I bet that someone screwed up.
Which is already pretty obvious.

A Chinese Postal Service worker placed Yes, We Can's label on a box containing clothes. 

Maybe the person was to lazy to check? 

IDK,
But I find this story amusing.


----------



## Yes We Can! (Dec 31, 2009)

Okay.
It was UPS' fault.
They mixed up 2 packages and put the wrong recieving sticker on mine.

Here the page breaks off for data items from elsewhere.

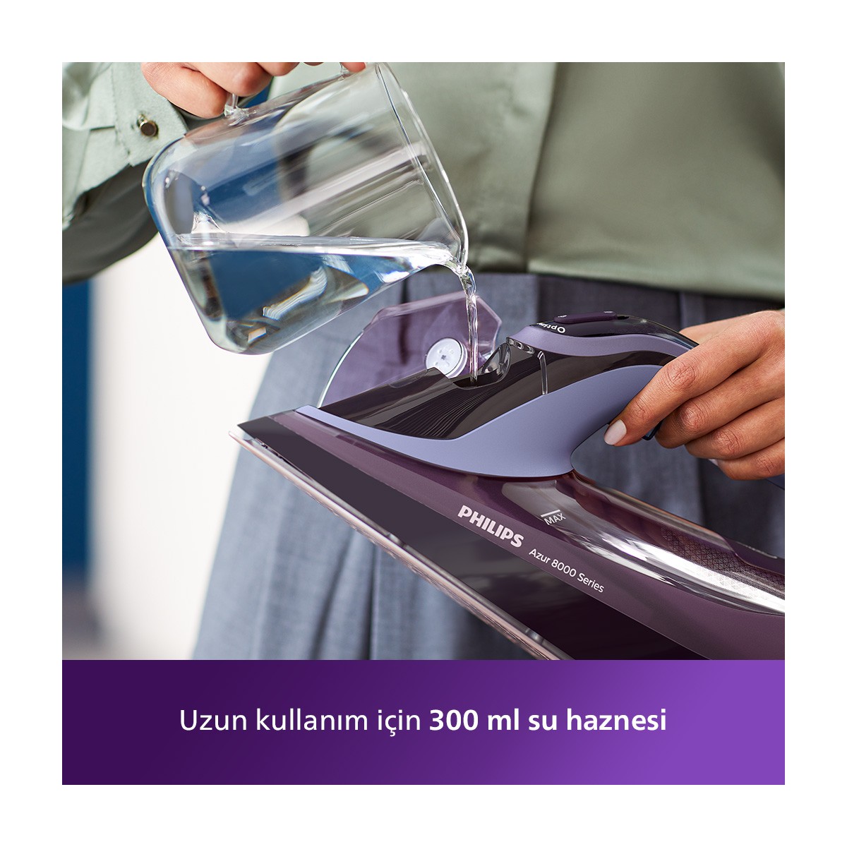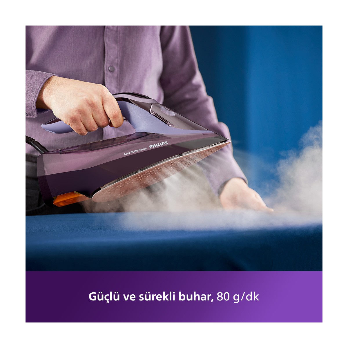 Philips 8000 Serisi Azur Buharlı Ütü, 3000W, SteamGlide Elite Taban, Otomatik Kapanma, 240 g Şok Buhar, Sıfır Yanık Garantisi, DST8021/30
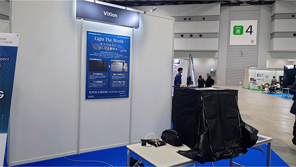 独自開発された低照度・高感度カメラをフレーム中央に備え、僅かな光を増幅して、デジタル映像としてアイウェアに表示する暗所支援眼鏡 NOZOMi(のぞみ)」を紹介
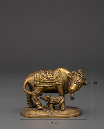 This Cow Sculpture for Decor elegantly reflects the cow's sacred and maternal character, which is regarded in many spiritual traditions as a sign of abundance, motherhood, and divine grace. This handcrafted brass cow figurine stands 6cm tall, 8cm wide, and weighs 0.31kg. It exemplifies ageless craftsmanship and cultural commitment. The brass body has a golden brilliance that lends warmth and peace to any environment, making it an ideal addition to your home altar, meditation room, or living room decor.
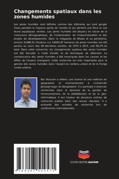 Les zones humides sont définies comme des éléments qui sont gorgés d'eau pendant la majeure partie de l'année et qui abritent une flore et une faune aquatiques variées. Les zones humides ont disparu en raison de la croissance démographique, de l'urbanisation, de l'industrialisation et des projets de développement. Dans la mégapole de Dhaka et sa périphérie, environ 31486,51 hectares sur 54093,87 hectares de zones humides ont été perdus au cours des 40 dernières années, de 1975 à 2015, soit 58,2% du total. Dans cette recherche, les changements spatiaux des zones humides ont été discutés à l'aide d'outils et de techniques de détection. La connaissance des zones humides a été remarquée dans les causes et les effets de l'aspect changeant. Cette recherche est très importante pour la gestion des zones humides dans l'aspect du contenu urbain et de la frange rurale-urbaine.
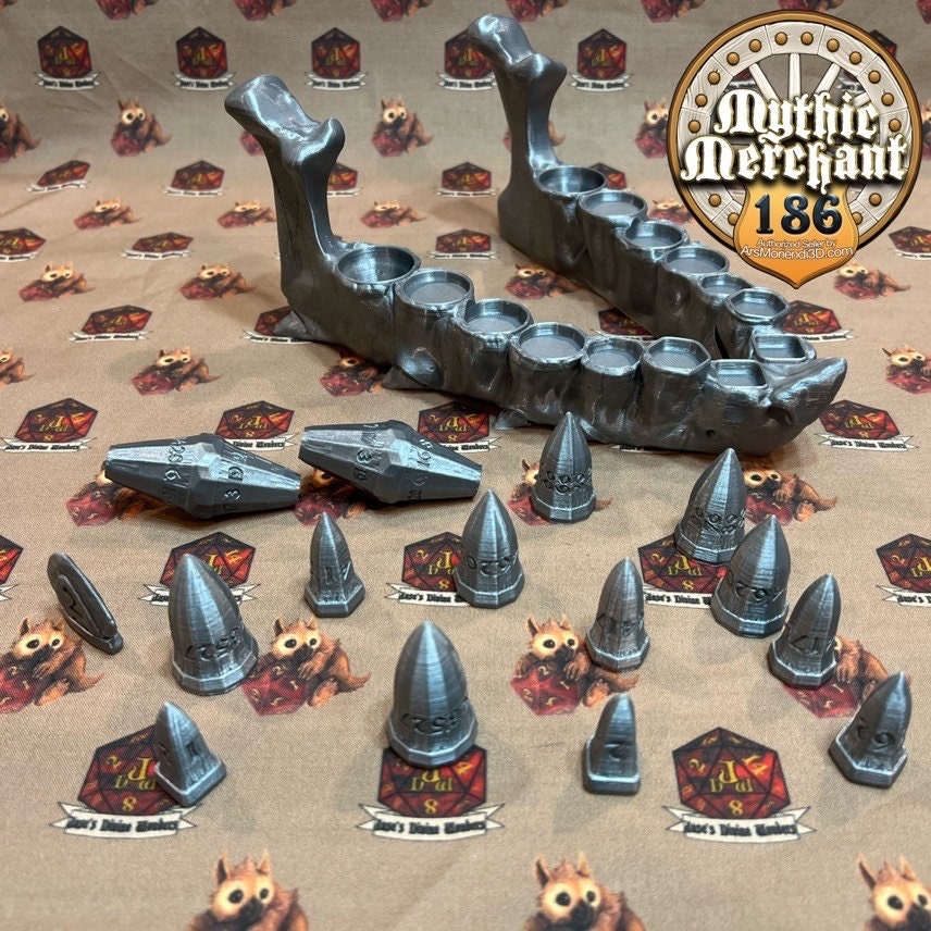 Dragon Tooth Dice are novelty dice. They are 3D-printed designs in a fantasy or role-playing theme and made from plastic. No other pictured items from the listing are included. They are available with or without holes for a necklace or keychain.
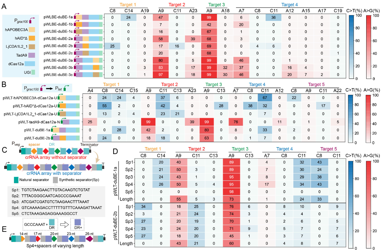 图1 基于dCas12a的双功能多靶点碱基编辑器MultiduBE的设计、创制及应用
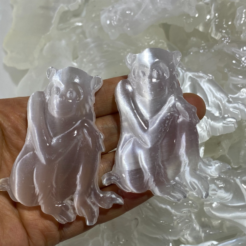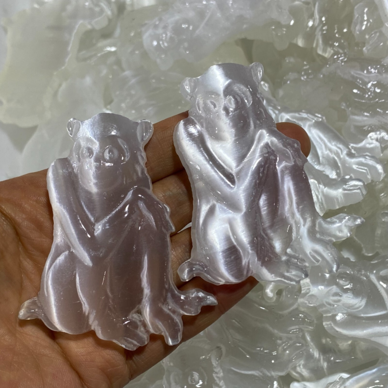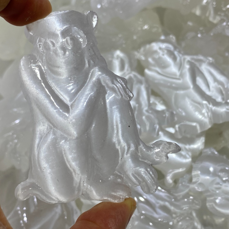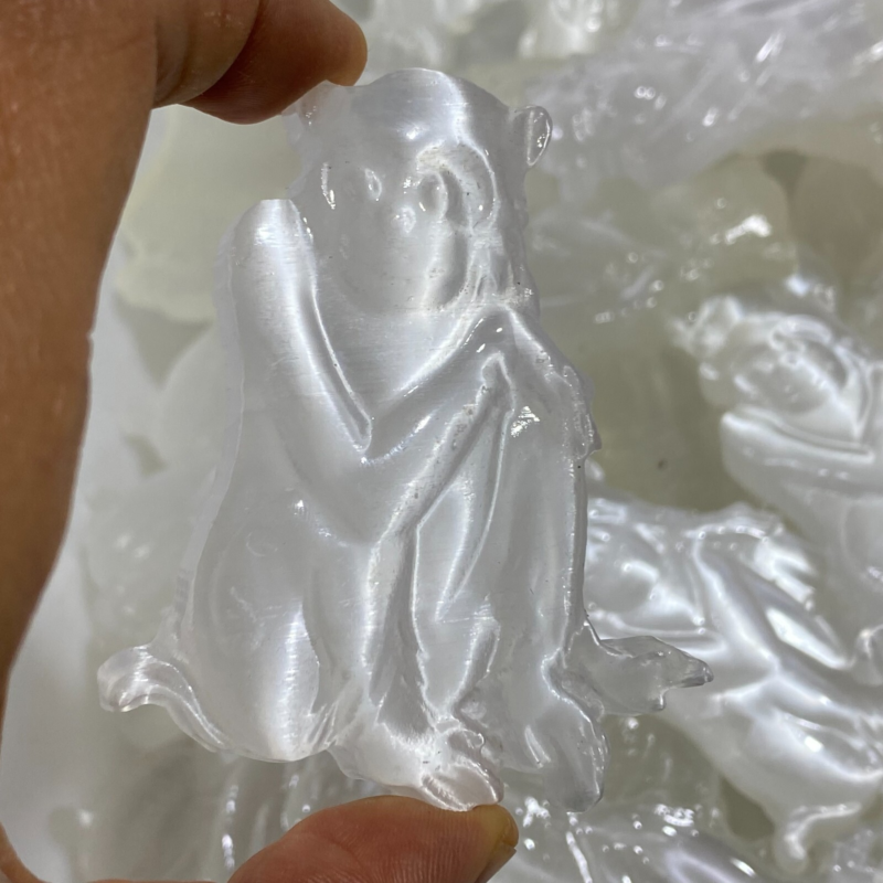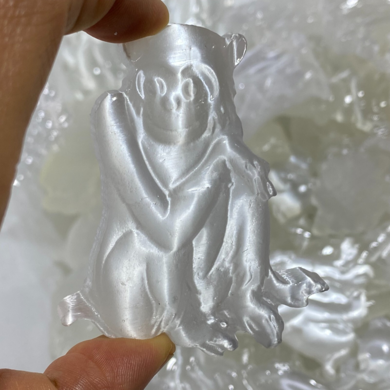 Natural Gypsum Selenite monkey Hand Carved Quartz Crystal Reiki healing 1PC
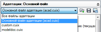 1. На вкладке "Адаптация" на панели "Адаптации <имя файла>" выберите в раскрывающемся списке "Основной файл адаптации (<имя файла адаптации>.cuix).
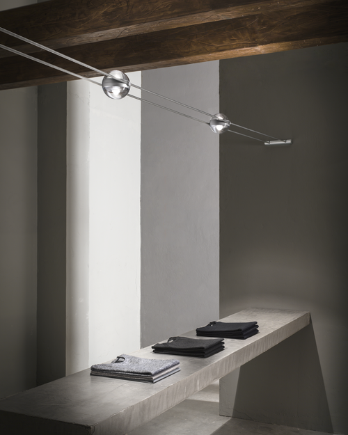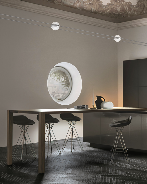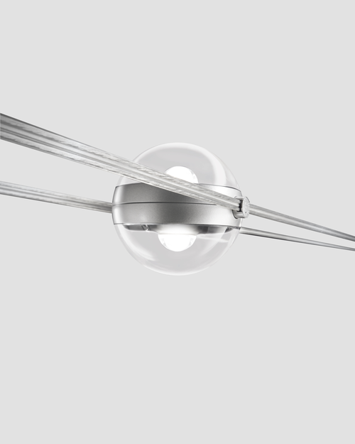 miniTensoApparecchio led, su cavi a 230V a doppia emissione per luce diretta e indiretta. MiniTensoSferico con struttura bianco o argento, è corredato da calotte in metacrilato trasparente con lenti concentranti per luce puntuale oppure da calotte in metacrilato opalescente per luce diffusa. L’elegante forma sferica di soli 14 cm è ideale in piccoli e medi ambienti. Apparecchio munito di TensoClic, connettore brevettato a perforazione d’isolante.
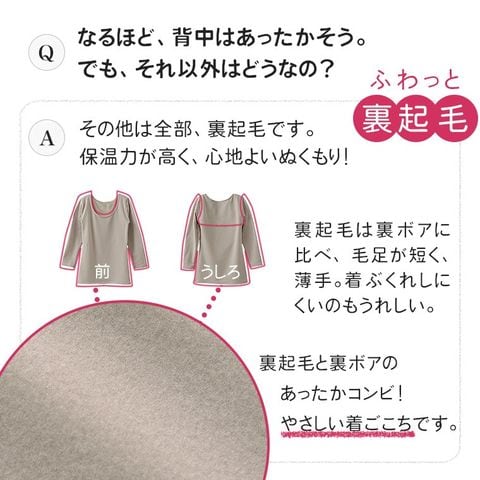 レディース インナー 長袖 裏起毛 裏ボア 8分袖 あったか 秋冬 背中 冷え 対策 暖かい あたたかい 防寒 保温 背 当て 付き 丸首 女性 婦人 下着 肌着 ストレッチ P5820E-RTのレビュー
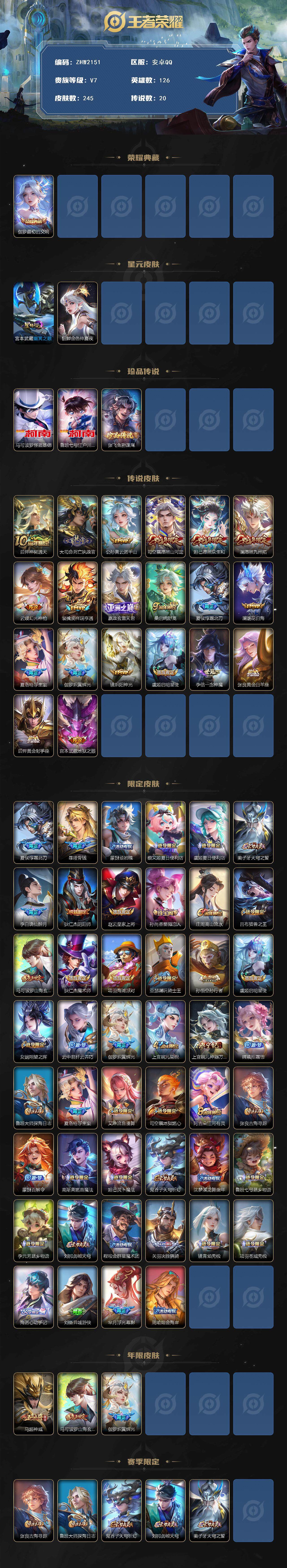 可二次【店主推荐捡漏号!可直接换绑】安卓q-v7-最强王者段位-126英雄-245皮肤-1典藏皮肤-3珍品传说-2星传说-20传说-80史诗 【英雄全皮】:大司命全皮,夏洛特全皮,司空震全皮,影全皮,海诺全皮 【荣耀典藏】:伽罗最初的交响 【珍品传说】:马可波罗怪盗基德,鲁班七号江户川柯南,张飞兔狲蓬尾 【传说皮肤】:后羿神树通天,大司命死亡执政官,公孙离云诺千山,司空震愿照山河定,妲己愿照众生和,澜愿照九州拓,云缨幻光神呛,裴擒虎祥瑞亨通,嬴政玄雷天君,桑启鸣野蒿,夏侯惇霜北刀,澜逐花归海,夏洛特浮生妄,伽罗炽翼辉光,镜炽阳神光,虞姬启明星使,李信一念神魔,张良黄金白羊座,后羿黄金射手座,宫本武藏地狱之眼 【限定皮肤】:夏侯惇霜北刀,暃埋骨钱,蒙犽顽岩魄,蔡文姬夏日便利店,虞姬夏日便利店,姜子牙天穹之誓,李白谪仙醉月,狄仁杰阴阳师,赵云皇家上将,孙尚香蔷薇恋人,庄周高山流水,吕布猎兽之王,马可波罗山海玄木吟,狄仁杰魔术师,项羽海滩派对,亚瑟潮玩骑士王,孙悟空孙行者,虞姬启明星使,女娲朔望之晖,云中君纤云弄巧,伽罗炽翼辉光,上官婉儿梁祝,上官婉儿神器万象笔,嫦娥拒霜思,鲁班大师探海日志,夏洛特浮生妄,艾琳流音漫舞,司空震地狱燃心,阿古朵江河有灵,张良古海寻踪,蒙犽百解令,高渐离燃音魔法,妲己灵卜魔法,鬼谷子天穹祈灯,沈梦溪龙舞盛年,鲁班七号蔬乡物语,李元芳蔬乡物语,刘邦剑破天穹,程咬金群星魔术团,关羽决胜骁骑,镜青焰无极,项羽苍威无极,海诺心动手记,刘备异域游侠,芈月浮光幕影,周瑜熔金海岸 【年限皮肤】:马超神威,马可波罗山海玄木吟,伽罗炽翼辉光 【赛季限定】:张良古海寻踪,鲁班大师探海日志,鬼谷子天穹祈灯,刘邦剑破天穹,姜子牙天穹之誓 【战令限定】:蔡文姬夏日便利店,虞姬夏日便利店,吕布猎兽之王,艾琳流音漫舞,亚瑟潮玩骑士王,女娲朔望之晖,司空震地狱燃心,高渐离燃音魔法,妲己灵卜魔法,鲁班七号蔬乡物语,李元芳蔬乡物语,镜青焰无极,项羽苍威无极 【史诗皮肤】:项羽苍穹之光,露娜紫霞仙子,赵云皇家上将,赵云未来纪元,貂蝉圣诞恋歌,甄姬冰雪圆舞曲,王昭君偶像歌手,狄仁杰魔术师,廉颇地狱岩魂,宫本武藏鬼剑武藏,孙尚香蔷薇恋人,孙尚香水果甜心,嬴政摇滚巨星,妲己魅力维加斯,妲己女仆咖啡,墨子金属风暴,吕布圣诞狂欢,曹操幽灵船长,吕布末日机甲,张飞乱世虎臣,花木兰水晶猎龙者,夏侯惇乘风破浪,兰陵王暗隐猎兽者,亚瑟心灵战警,雅典娜冰冠公主,安琪拉心灵骇客,百里守约特工魅影,蔡文姬舞动绿茵,刘禅天才门将,程咬金功夫厨神,白起星夜王子,孙策猫狗日记,伽罗箭羽风息,狄仁杰鹰眼统帅,上官婉儿梁祝,大乔白蛇,瑶遇见神鹿,马超神威,云中君纤云弄巧,钟馗乐园奇幻夜,孙悟空孙行者,庄周高山流水,司马懿暗渊魔法,嫦娥拒霜思,夏洛特永昼,上官婉儿神器万象笔,马可波罗山海玄木吟,司空震地狱燃心,阿古朵江河有灵,蒙犽百解令,妲己灵卜魔法,高渐离燃音魔法,鲁班七号蔬乡物语,镜青焰无极,关羽决胜骁骑,海诺心动手记,黄忠怒海争锋,芈月浮光幕影,蔡文姬夏日便利店,蒙犽顽岩魄,暃埋骨钱,大司命东方月初,姬小满战舞者,亚连破空之剑,马可波罗星界特工,李白谪仙醉月,百里守约百相守梦,牛魔星界战将,孙膑茶境仙,赵怀真器灵浮梦炉,阿轲化蝶舞,刘禅鸭鸭历险记,狂铁龙之律动,百里守约雪豹霜爪,周瑜百相守梦,黄忠百相守梦,西施织梦人,公孙离涂山容容,莱西奥光弋星穹,兰陵王傩神司,少司缘巫礼祀神 【其他皮肤】:项羽海滩派对,韩信街头霸王,露娜哥特玫瑰,赵云忍炎影,芈月红桃皇后,程咬金星际陆战队,白起白色死神,牛魔西部大镖客,扁鹊化身博士,宫本武藏未来纪元,妲己少女阿狸,亚瑟死亡骑士,达摩拳王,张飞五福同心,甄姬花好人间,宫本武藏万象初新,后羿阿尔法小队,狄仁杰阴阳师,刘备纽约教父,刘备汉昭烈帝,关羽龙腾万里,钟无艳海滩丽影,王昭君幻想奇妙夜,孙尚香沉稳之力,李白敏锐之力,苏烈坚韧之力,大乔守护之力,吕布猎兽之王,女娲朔望之晖,小乔丁香结,姜子牙炽热元素使,狂铁特工战影,亚瑟潮玩骑士王,刘禅秘密基地,张良缤纷绘卷,鲁班大师乓乓大师,程咬金无双福将,蒙恬蔚蓝守将,猪八戒潮玩探月行,莱西奥西部游侠,鲁班大师探海日志,姬小满零食大作战,李元芳妄想特派,艾琳流音漫舞,张良古海寻踪,钟无艳聚星闪耀,海月王牌新星,亚连破局者,兰陵王幻夜行动,曹操决胜大满贯,后羿完美运算,鬼谷子天穹祈灯,妲己灵卜魔法,海诺时空谍影,廉颇功夫炙烤,亚瑟鸿运当头,沈梦溪龙舞盛年,钟无艳春野之旅,李元芳蔬乡物语,刘邦剑破天穹,盘古经纬探寻者,程咬金群星魔术团,项羽苍威无极,大司命暗都幽影,刘备异域游侠,姜子牙天穹之誓,周瑜熔金海岸,虞姬夏日便利店,孙悟空神迹守卫,盘古敬我三分,东皇太一噬灭天穹,亚瑟动物派对,老夫子百相守梦,米莱狄怪诞之夜,干将莫邪雾都夜雨,吕布逐霄战戟,苍苍林狼骑,太乙真人谧流熔炉,典韦铁骨偃魂,马超访茗客,影魅影绮裳,西施雪境奇遇,姜子牙星梦巡礼,东皇太一金福满堂,达摩爆裂喵拳,少司缘灵卦秘语,明世隐景韶洛都,戈娅玫蓝誓约,刘备浪漫序章,钟馗虚灵犬护,沈梦溪鸭鸭历险记,苏烈春野闲踪,小乔秘证寻踪,张良灵野札记,阿古朵布丁狗之约,白起死霸装,甄姬逆浪荇歌,孙策百相守梦,庄周锦麟游梦,莱西奥踏浪烽翎,鬼谷子克喵,哪吒罗小
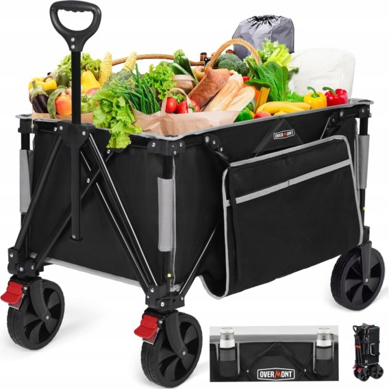 - nazwa przedmiotu: Overmont Składany wózek na kółkach o dużej wytrzymałości, 120 kg większa pojemność, wagon festiwalowy z bocznymi kieszeniami na kemping, do ogrodu, na plażę, zakupy, z regulowanym uchwytem, czarny

My mother called C4Y (fortunately she is Chinese native speaker), and the Co-Seller agreed to send me a new package after holidays.


----------



## Muesli (Dec 31, 2009)

Yes said:


> Okay.
> It was UPS' fault.
> They mixed up 2 packages and put the wrong recieving sticker on mine.
> 
> My mother called C4Y (fortunately she is Chinese native speaker), and the Co-Seller agreed to send me a new package after holidays.


Brilliant. 

Do you get to keep the pullovers?


----------



## ~Phoenix Death~ (Dec 31, 2009)

I hear it'll be cold...


----------



## Me Myself & Pi (Dec 31, 2009)

V-te said:


> Think how the person who (possibly) received your cubes is thinking.





Yes said:


> Okay.
> It was UPS' fault.
> They mixed up 2 packages...


Ha ha!  I would've loved to see his expression!

Oh, & how did you find out it was UPS's fault? That surprises me!


----------



## Kidstardust (Dec 31, 2009)

His mother calls UPS Germany because she can speak German too...


----------



## miniGOINGS (Dec 31, 2009)

If you like the sweaters, you could keep them and order new cubes.


----------



## Zane_C (Jan 2, 2010)

Now that is funny, I'm sorry


----------



## miniGOINGS (Jan 2, 2010)

Better pullovers than Pullups.


----------



## nlCuber22 (Jan 2, 2010)

miniGOINGS said:


> Better pullovers than Pullups.





Spoiler


----------



## miniGOINGS (Jan 2, 2010)

nlCuber22 said:


> miniGOINGS said:
> 
> 
> > Better pullovers than Pullups.
> ...





Speedsolving.com Rules said:


> 6. Last but not least: Try to contibute to a nice ambiance on the forum.


----------



## nlCuber22 (Jan 2, 2010)

miniGOINGS said:


> nlCuber22 said:
> 
> 
> > miniGOINGS said:
> ...



lol. I put it in a spoiler. Don't get excited.


----------



## miniGOINGS (Jan 2, 2010)

nlCuber22 said:


> lol. I put it in a spoiler. Don't get excited.



Good point.


----------



## cubedude7 (Jan 2, 2010)

ohoh, I ordered a C4Y order too (also 3x3x4!), I hope I don't get their laundry!


----------



## Hadley4000 (Jan 2, 2010)

Do they fit?


----------



## Tyrannous (Jan 2, 2010)

rather amusing I must say, cant even think of why this mix up would occur lol, but if they fit then take the sweaters (yes i say sweaters, or jumpers, but pullover is a weird one for us irish), 6 sweaters over 2 cubing things, if their 100% cotton keep those bad boys


----------



## panyan (Jan 2, 2010)

well now thats its sorted, we can be silly:

the jumpers were a puzzle, the jumper is in its "solved state" and you have to unravel it into its unwoven components and then remake the fabric exactly how it was - forget the cube, this is WAY harder!


----------



## howtocube (JB) (Jan 9, 2010)

I recently had an order take over a month to be delivered USPS. But James sent me a Type A III Quanfeng as well that I didn't order... So I win, although I could use some pullovers....


----------



## daniel0731ex (Jan 9, 2010)

what did you order in the original package? and are they cheap sweaters or expansive ones? 

imagin what the reactions of the guy who is supposed to get the sweaters are


----------



## ben1996123 (Jan 9, 2010)

WTF?

I would lol if on some other random forum site, there was a thread called:

"I got wrong contents in my clothes4you order (RUBIX!!!)"


----------



## Davepencilguin (Jan 9, 2010)

It could be worse...


----------



## TheMachanga (Jan 9, 2010)

Most likely a prank. I ordered a v-cube 5 and my sister "pranked" me by putting a broken 3x3 in there.


----------



## Muesli (Jan 9, 2010)

TheMachanga said:


> Most likely a prank. I ordered a v-cube 5 and my sister "pranked" me by putting a broken 3x3 in there.


If my sister did that I'd punch her so hard in the top of her head she'd be breathing out of her belly-button. 

Lucky I don't have a sister.


----------



## Shack (Jan 9, 2010)

hey

I had some problems and contacted cube4you on:
[email protected]
he responded next morning

GL

Frank Severinsen


----------



## daniel0731ex (Jan 10, 2010)

noo way! you can't be THE Frank Severinsen? impersonators!!








lulz


----------